La clé appartenait presque au quartier

Avant que le lieu ne soit ouvert comme aujourd’hui, sa protection reposait aussi sur les habitants des environs.

Des familles ont conservé les clés de Pépiole et veillé sur elle durant plusieurs générations. Lorsqu’un pèlerin ou un visiteur se présentait, il fallait trouver celui qui pouvait ouvrir la porte.

C’est peut-être cela, plus encore que les dates, qui explique l’attachement particulier à cette chapelle. Pépiole appartenait un peu à ceux qui vivaient autour.

On veillait sur sa statue, sur sa cloche et sur ses murs comme sur un bien de famille.

Et toujours la pastèque et le rosé

Les paysages ont changé.
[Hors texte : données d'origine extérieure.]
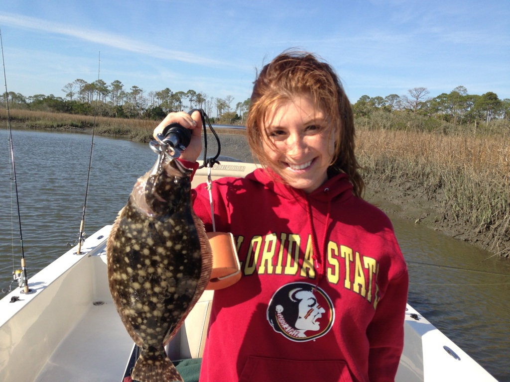 christin-pappas Caught on soft plastic with jig in Ponte Vedra Beach, FL. back water. creeks. Christin bested both Anthony and Capitan Jud Durel with this flounder and a red.

Les champs ont reculé, les routes et les entreprises se sont rapprochées et l’ancien Pépiole rural est devenu difficile à imaginer.

Pourtant, une fois par an, la vieille histoire reprend vie.

On marche encore vers la chapelle. On bénit toujours le fruit de la terre et le vin. On partage la pastèque et le rosé. Puis la fête reprend ses droits.

Derrière ce geste simple survit finalement tout un morceau de Provence : celle des vignerons et des paysans, des processions dans les chemins, du tambourin, du nougat vendu devant la chapelle, des repas pris ensemble et de ces histoires que les anciens racontent aux plus jeunes.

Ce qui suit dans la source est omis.